だからアンナは、手の中のそれを握りしめると、再び力強い意志を瞳に宿し、毅然とした態度で、新たな証拠として提示したのだった。
「審議官、私がラディウス前男爵の娘である事を証明します。これは、私が産まれた時に辺境防衛で武勲を立てた父が、国王陛下から賜ったブローチです!!」
銀細工に宝石が散りばめられたそのブローチの裏側には、細かい文字で、ラディウス男爵の武勲を讃える言葉と娘誕生に対する祝辞と、それから国王陛下のサインが彫ってあったのだ。
ブローチを受け取ってその文字を確認すると、審議官は審議官は驚きの声を上げてこれが本物である事を認めたのだった。
「これは、紛れもなく国王陛下からの賜り物!!これを持っているということは、疑いようもありませんね。」
その様子に、アンナは今度こそ本当に胸を撫で下ろした。これで、彼女がラディウス前男爵の娘であることが証明されたのだ。
しかし、叔父だけはそれに納得しなかった。
彼は顔を真っ赤にして震え出すと、立ち上がって強く抗議を始めたのだった。
「お前がそんな物を持っているわけがない!!偽物だ!!」
「国王陛下からの御下賜品をそのように仰るなんて不敬になりますよ。」
「なっ……大体そのブローチはそっちの男が持っていた物じゃないのか、さっきお前がアンナに渡していただろう?!」
「はい。切り札なので、彼女に言われて預かってました。」
今にも頭から湯気が出てきそうな程に憤慨している叔父の剣幕に臆することもなく、ルーフェスはしれっと息を吐くようにそれらしい嘘を言ってあしらった。
すると叔父は、余計に逆上してルーフェスを睨みつけたのだった。
「大体、お前は誰なんだ?!何の権利があってこの場に居るんだ?!」
「これは失礼。名乗るのが遅れました。クライトゥール公爵家次男、ルーフェスと申します。アンナは大切な友人で、彼女に請われて同席しました。」
「なっ……公爵家の人間だと……」
ルーフェスが立ち上って優美に挨拶をしてみせると、叔父はその身分の高さに一瞬たじろいだ。しかし、彼は直ぐにある事を思い出して、勝ち誇ったかのように反論を続けたのだった。
「いや、クライトゥール公爵の息子は一人だけで確か名前は……リチャードだったはず!さてはお前も偽物だな?!審議官、このような偽物の言うことなど信用できません!!」
彼は自信を持って審議官にそう訴えかけたのだが、しかし審議官は、困ったような、憐れむような目で叔父を眺めたのだった。
「ラディウス男爵は、一昨日の劇を観ていないのですねぇ……」
「……は?劇……?」
審議官の言葉の意味が理解できず、男爵はポカンと口を大きく開けて呆けてしまった。
「あれは、中々の傑作でしたよ。」
「有難うございます。まぁ、あれは兄の主演ですけども。」
「な、何を訳の分からない事を言っているんだ?!!」
一昨日はまだ領地に居た為に中央広場での件を知らない叔父は、二人の会話の意味が分からずにただ一人喚き散らしたが、彼の主張が受け入れられる事は無かった。

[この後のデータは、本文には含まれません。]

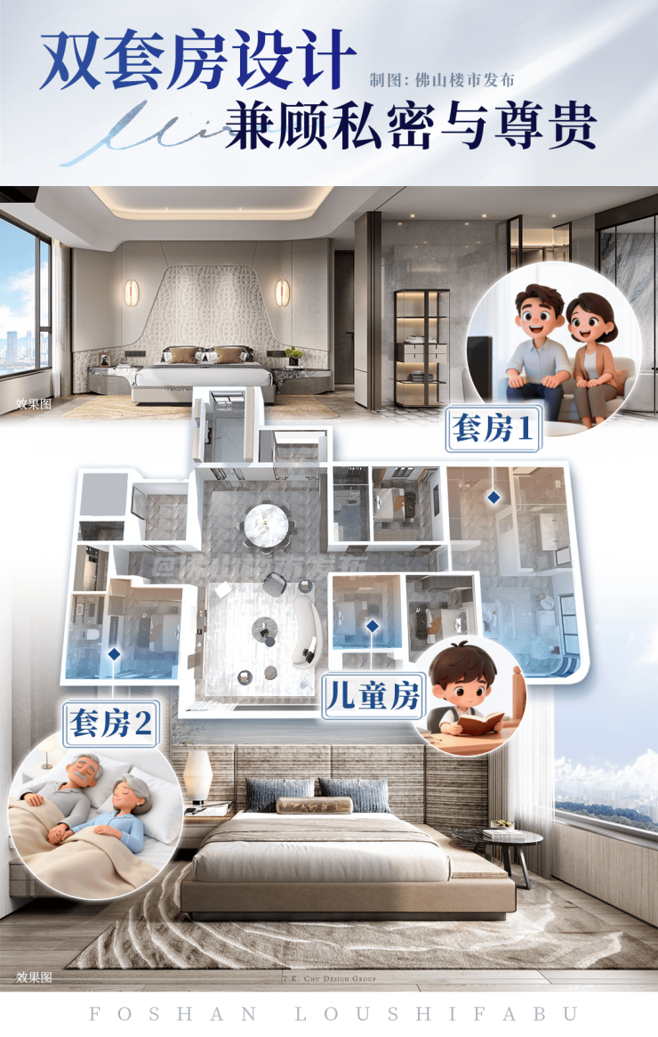 保利天瓒主打173-580㎡滨江奢阔大平层,涵盖改善四房、大家族五房、双子塔顶奢大平层多种产品,本次全新迭代升级的约248㎡江景新规五房与双子塔约300㎡定制户型,凭借创新空间逻辑与全维产品升级,成为广佛顶豪市场的核心竞争力作品,实用率接近100%,空间利用率与居住舒适度双向突破。

「とにかく、裁判所としては、ここに居るアンナ・ラディウスが男爵位を受け継ぐことを認めます。これ以上の異議は受け付けません。良いですね?」
一連のやり取りを通して、裁判所は正式にアンナの主張を認めたのだ。
この宣言にアンナは目に涙を浮かべながら立ち上がると、感謝の意を込めて深々と頭を垂れたのだった。
「ありがとうございます!!」
遂に、認められたのだ。
アンナはこの五年間の様々な記憶がよみがえり、胸が一杯だった。
ふと、叔父の方を見遣ると、彼はこの状況を認められず、かと言ってこれ以上は意見を述べる事も許されていないので、口をパクパクさせながら戦慄いていた。
その顔は全然納得していないと言った顔であった。
そんな不服そうな態度に気付いて、ルーフェスは表面上穏やかな声でそっと釘を刺したのだった。

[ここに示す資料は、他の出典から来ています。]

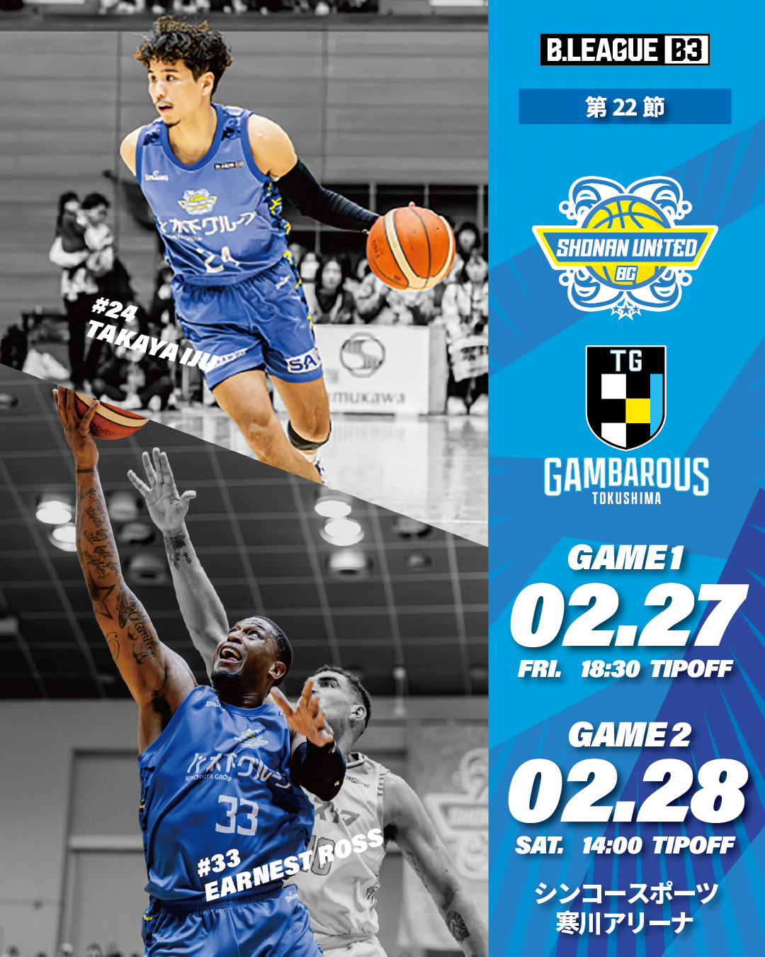 対戦カード:【湘南ユナイテッドBC vs 徳島ガンバロウズ】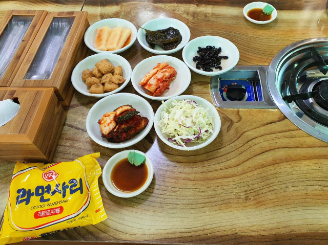 밑반찬과 라면사리가 먼저 나왔습니다. 깻잎, 콩자반, 어묵, 김치 등과 간장베이스 소스입니다.

「速やかにラディウス男爵家を明け渡して、彼女達に帰る家を返してくださいね。」
しかし、叔父は歯軋りをしながらルーフェスを睨め付けるばかりで何も言わなかったので、ルーフェスは眉を顰めると、今度は大きな声で審議官に確認したのだった。
「こういうのって、強制的に排除できますよね?」
「期日までに明け渡さなければ、そうなりますね。」
その言葉を聞き出すと、ルーフェスは再び敵意を剥き出しの叔父へと向き合って、微笑みながら、サイド通告をしたのだった。

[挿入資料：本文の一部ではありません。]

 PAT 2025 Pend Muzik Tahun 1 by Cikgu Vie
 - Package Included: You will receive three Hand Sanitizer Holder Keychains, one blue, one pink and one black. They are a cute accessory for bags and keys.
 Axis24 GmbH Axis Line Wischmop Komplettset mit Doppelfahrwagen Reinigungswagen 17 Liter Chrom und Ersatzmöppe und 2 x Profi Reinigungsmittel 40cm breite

「我が家は魔術師の家系でね、僕一人で一個小隊位ならば簡単に壊滅させられるんです。だから変な事は画策しない方がいいですよ。」
顔は笑っているが、目は全く笑っていない。ルーフェスが獲物を射抜くような氷の視線で、その静かな怒りを叔父にぶつけると、叔父は「くそっ、覚えていろ!!」と、捨て台詞を吐いて、部屋から出ていったのだった。
「……あいつ、徹底的に潰した方が良いな……」
扉が閉まると、ルーフェスはボソリと不穏な独り言を言ったが、アンナは聞かなかった事にした。
なんにせよ、これで終わったのだ。
「審議官様、公平なご判断を有り難うございました。」
アンナはもう一度深々と頭を下げて感謝の言葉を口にすると、それからルーフェスの方を見た。
「ルーフェスも、有難う。貴方が居てくれたお陰で上手くいったわ。」
「どういたしまして。」
彼はいつもと同じ優しい笑みを浮かべて、アンナを見つめていた。
「さぁ、帰ろうか。」
「えぇ……帰りましょう。」
アンナは晴々しい気持ちでルーフェスから差し出された手を取ると、二人はもう一度礼をしてから裁判所を後にしたのだった。